All lines in the records that carry the string "which" are to be shown.

##### RECORDS FOR THE EXERCISE

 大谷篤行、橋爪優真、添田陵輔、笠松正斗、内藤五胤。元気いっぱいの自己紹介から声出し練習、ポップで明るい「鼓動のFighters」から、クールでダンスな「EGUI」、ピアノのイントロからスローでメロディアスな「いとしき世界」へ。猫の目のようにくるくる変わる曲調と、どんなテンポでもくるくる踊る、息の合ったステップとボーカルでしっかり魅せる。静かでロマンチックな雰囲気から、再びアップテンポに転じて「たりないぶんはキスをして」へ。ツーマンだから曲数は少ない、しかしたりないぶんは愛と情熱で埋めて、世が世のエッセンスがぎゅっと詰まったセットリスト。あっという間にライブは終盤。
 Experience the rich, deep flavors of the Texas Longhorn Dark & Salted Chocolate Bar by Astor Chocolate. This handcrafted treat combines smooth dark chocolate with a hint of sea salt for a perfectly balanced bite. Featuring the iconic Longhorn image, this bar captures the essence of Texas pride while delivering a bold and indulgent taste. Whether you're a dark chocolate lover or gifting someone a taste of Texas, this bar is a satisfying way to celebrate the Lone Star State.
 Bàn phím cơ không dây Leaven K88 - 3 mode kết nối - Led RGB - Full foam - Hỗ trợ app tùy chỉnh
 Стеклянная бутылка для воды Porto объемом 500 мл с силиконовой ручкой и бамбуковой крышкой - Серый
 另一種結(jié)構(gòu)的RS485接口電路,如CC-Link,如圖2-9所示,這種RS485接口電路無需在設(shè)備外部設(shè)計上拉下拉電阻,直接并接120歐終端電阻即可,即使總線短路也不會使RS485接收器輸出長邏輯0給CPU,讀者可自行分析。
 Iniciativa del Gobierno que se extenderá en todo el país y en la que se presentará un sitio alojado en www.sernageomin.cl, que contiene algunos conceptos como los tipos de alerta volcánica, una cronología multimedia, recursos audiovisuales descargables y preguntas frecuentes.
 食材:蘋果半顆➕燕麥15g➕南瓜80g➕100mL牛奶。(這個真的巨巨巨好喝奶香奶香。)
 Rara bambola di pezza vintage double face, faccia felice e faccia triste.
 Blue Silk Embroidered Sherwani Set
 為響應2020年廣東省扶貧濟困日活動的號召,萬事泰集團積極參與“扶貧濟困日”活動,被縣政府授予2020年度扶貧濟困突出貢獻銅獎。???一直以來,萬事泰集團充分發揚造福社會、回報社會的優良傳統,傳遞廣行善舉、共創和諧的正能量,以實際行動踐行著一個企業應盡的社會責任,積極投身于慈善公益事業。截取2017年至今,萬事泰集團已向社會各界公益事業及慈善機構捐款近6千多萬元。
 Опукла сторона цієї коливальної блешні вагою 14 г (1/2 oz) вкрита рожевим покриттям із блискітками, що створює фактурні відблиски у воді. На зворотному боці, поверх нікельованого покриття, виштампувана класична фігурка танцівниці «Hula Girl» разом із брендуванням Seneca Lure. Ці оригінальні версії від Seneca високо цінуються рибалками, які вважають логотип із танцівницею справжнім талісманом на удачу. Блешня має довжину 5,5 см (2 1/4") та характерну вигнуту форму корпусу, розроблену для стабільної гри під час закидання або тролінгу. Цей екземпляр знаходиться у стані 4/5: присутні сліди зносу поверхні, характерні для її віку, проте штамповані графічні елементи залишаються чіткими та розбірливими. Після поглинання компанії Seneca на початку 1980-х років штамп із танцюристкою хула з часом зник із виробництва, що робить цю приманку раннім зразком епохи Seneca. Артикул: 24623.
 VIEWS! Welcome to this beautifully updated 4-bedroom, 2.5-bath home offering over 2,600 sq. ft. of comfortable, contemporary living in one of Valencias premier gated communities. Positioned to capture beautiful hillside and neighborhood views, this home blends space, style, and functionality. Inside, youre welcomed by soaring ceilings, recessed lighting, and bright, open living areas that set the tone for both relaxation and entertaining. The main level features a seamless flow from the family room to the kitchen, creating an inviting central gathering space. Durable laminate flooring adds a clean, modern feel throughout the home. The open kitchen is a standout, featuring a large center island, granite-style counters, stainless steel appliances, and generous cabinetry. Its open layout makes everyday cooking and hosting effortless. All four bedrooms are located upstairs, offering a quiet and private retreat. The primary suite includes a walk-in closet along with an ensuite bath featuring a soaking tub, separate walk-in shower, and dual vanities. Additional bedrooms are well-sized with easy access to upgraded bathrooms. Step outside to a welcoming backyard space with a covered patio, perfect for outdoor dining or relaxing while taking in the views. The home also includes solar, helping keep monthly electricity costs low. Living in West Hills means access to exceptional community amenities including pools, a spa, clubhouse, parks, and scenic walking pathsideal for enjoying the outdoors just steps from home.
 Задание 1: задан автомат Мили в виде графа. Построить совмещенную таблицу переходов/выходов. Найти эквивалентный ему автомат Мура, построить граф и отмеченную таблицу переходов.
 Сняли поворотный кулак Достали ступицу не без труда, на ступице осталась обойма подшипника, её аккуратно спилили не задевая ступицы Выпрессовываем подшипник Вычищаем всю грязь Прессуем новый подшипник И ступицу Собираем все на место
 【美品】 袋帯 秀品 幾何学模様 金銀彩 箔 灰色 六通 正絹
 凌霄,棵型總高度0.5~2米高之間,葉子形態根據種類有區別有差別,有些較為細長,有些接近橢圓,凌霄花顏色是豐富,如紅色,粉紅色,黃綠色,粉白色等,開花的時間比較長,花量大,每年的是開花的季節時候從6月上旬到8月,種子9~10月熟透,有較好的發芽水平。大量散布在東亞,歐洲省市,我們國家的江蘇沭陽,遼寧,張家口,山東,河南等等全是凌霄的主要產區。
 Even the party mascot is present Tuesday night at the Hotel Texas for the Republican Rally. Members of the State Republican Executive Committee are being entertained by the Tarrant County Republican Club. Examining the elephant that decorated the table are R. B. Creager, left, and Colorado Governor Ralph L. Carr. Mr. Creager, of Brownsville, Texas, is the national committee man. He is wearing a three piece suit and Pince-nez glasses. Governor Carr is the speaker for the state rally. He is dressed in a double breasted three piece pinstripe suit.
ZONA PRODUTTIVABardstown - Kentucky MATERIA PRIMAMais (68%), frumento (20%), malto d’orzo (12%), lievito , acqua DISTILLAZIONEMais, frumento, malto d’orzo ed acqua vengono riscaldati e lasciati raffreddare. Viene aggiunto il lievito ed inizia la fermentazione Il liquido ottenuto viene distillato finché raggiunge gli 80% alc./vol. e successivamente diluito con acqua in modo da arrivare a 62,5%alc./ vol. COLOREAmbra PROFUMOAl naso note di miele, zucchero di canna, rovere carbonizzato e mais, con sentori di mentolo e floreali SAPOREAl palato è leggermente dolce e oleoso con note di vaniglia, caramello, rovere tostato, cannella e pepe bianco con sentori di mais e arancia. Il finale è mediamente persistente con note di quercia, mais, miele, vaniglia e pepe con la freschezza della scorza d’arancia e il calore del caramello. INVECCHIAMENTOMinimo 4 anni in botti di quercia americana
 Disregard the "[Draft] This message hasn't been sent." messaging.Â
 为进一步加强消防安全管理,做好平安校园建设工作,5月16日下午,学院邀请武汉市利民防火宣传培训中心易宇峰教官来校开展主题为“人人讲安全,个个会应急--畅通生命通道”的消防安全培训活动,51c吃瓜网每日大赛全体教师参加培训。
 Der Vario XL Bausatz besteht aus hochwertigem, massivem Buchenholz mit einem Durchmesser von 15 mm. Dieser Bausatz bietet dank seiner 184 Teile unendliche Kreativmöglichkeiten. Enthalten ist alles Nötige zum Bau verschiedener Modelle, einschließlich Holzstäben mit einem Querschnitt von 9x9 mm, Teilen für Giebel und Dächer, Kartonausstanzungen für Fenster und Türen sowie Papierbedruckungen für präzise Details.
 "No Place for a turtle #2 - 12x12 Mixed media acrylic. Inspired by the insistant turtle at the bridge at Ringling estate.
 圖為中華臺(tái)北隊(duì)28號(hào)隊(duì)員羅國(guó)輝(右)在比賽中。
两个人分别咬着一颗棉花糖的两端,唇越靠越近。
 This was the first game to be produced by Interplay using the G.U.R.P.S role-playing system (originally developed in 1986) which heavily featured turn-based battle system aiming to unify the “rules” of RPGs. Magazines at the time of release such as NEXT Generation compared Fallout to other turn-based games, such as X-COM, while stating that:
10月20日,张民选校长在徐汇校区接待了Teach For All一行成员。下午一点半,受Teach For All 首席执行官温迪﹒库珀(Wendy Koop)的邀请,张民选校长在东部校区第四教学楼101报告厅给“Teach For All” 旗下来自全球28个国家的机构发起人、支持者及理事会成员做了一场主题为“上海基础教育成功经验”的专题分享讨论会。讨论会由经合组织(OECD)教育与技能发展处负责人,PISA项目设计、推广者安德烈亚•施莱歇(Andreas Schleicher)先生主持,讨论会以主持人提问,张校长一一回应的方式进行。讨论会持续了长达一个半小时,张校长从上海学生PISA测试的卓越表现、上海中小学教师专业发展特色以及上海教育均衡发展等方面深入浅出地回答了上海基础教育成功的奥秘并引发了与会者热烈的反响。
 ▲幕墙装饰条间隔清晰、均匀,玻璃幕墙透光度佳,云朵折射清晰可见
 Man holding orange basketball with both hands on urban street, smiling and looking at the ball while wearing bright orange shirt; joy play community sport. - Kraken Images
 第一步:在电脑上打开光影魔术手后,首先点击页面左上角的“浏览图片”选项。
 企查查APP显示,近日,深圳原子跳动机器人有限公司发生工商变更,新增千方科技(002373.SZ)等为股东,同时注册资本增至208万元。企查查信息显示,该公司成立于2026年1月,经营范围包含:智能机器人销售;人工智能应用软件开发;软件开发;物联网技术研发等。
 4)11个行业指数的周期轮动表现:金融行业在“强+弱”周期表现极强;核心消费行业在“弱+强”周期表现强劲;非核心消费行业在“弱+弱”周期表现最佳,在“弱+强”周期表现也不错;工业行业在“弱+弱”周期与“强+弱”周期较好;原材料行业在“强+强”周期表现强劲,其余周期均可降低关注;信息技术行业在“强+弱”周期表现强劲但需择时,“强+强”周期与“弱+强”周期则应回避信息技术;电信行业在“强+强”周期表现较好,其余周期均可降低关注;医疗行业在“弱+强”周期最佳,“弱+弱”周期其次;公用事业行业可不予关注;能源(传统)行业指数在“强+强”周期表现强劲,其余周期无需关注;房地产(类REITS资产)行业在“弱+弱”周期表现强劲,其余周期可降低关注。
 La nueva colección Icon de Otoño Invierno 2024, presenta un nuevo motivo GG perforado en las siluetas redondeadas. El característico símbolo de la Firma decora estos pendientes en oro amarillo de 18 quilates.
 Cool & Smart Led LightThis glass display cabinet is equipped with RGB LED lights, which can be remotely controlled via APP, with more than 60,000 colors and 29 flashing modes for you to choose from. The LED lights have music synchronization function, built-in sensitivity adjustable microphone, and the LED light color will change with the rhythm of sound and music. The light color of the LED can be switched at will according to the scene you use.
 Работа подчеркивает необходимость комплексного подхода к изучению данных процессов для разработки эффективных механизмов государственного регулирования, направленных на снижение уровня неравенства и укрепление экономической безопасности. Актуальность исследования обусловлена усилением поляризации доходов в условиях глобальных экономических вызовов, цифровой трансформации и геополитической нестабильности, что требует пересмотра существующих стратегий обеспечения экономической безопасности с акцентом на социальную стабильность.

##########

● **RESPONSE TO THIS TASK**
 This was the first game to be produced by Interplay using the G.U.R.P.S role-playing system (originally developed in 1986) which heavily featured turn-based battle system aiming to unify the “rules” of RPGs. Magazines at the time of release such as NEXT Generation compared Fallout to other turn-based games, such as X-COM, while stating that:
 Cool & Smart Led LightThis glass display cabinet is equipped with RGB LED lights, which can be remotely controlled via APP, with more than 60,000 colors and 29 flashing modes for you to choose from. The LED lights have music synchronization function, built-in sensitivity adjustable microphone, and the LED light color will change with the rhythm of sound and music. The light color of the LED can be switched at will according to the scene you use.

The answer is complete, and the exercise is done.